The next few days were spent still having waves of nausea, cramping and hormonal crying. Each day got a little better. It’s now two weeks later from when I found out I was pregnant. I have gotten a lot of support from friends and even found out how many more people I know that have had at least one miscarriage. I do have anxiety of this happening again, but this won’t stop us from trying add to our family. 

I now understand why women don’t want to talk about it. It hurts emotionally and physically. It’s confusing. It plays with your emotions like no other. However, I have always felt it’s important to talk about things, especially if it’s uncomfortable. The more people talk about their experiences, the more people will realize they are not alone and have more support. 

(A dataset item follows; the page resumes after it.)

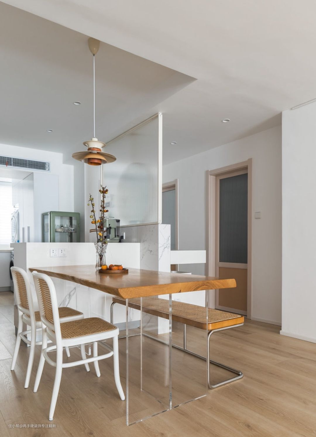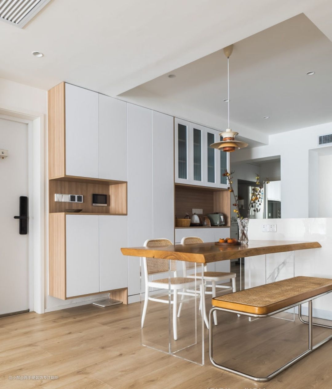 餐厅以岛台+餐桌的方式组合而成,岛台离餐边柜更近,也更方便一些小家电的使用,人数较少时的用餐也可以在吧台解决。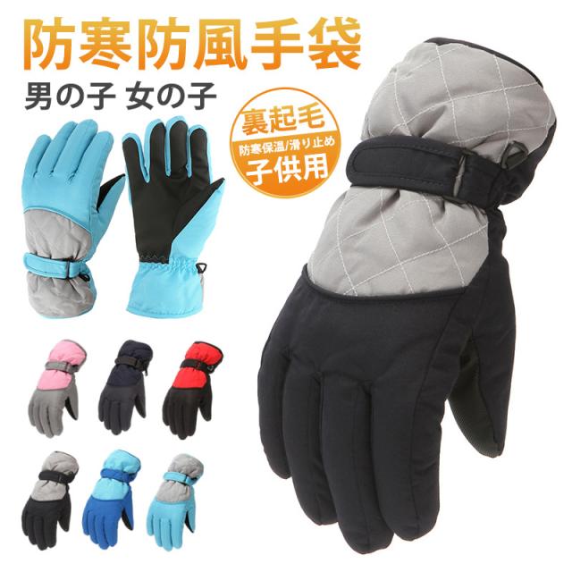 スキー グローブ 手袋 キッズ 裏起毛 厚手 防寒 防水 防風 スノー手袋 裏ボア 滑り止め 保温 暖かい 男の子 女の子 アウト

If you have never experienced a miscarriage or have ever wondered what do you even say to someone going through this, here are just a few helpful things to say, and NOT to say.
Things that are not helpful to say to someone that have had a miscarriage
·      At least you already have a child.
·      It’s ok, this happens all the time
·      You can always adopt. 
·      You can always have another
·      Your baby is an angel now. 
·      It was in God’s plan
·      At least you can get pregnant

What you should say:
·      I’m so sorry
·      What can I do to help you?
·      I’m here for you


What are your stories? What did you find helpful for support during this difficult time? Leave comments to help support others that may be going through this difficult time.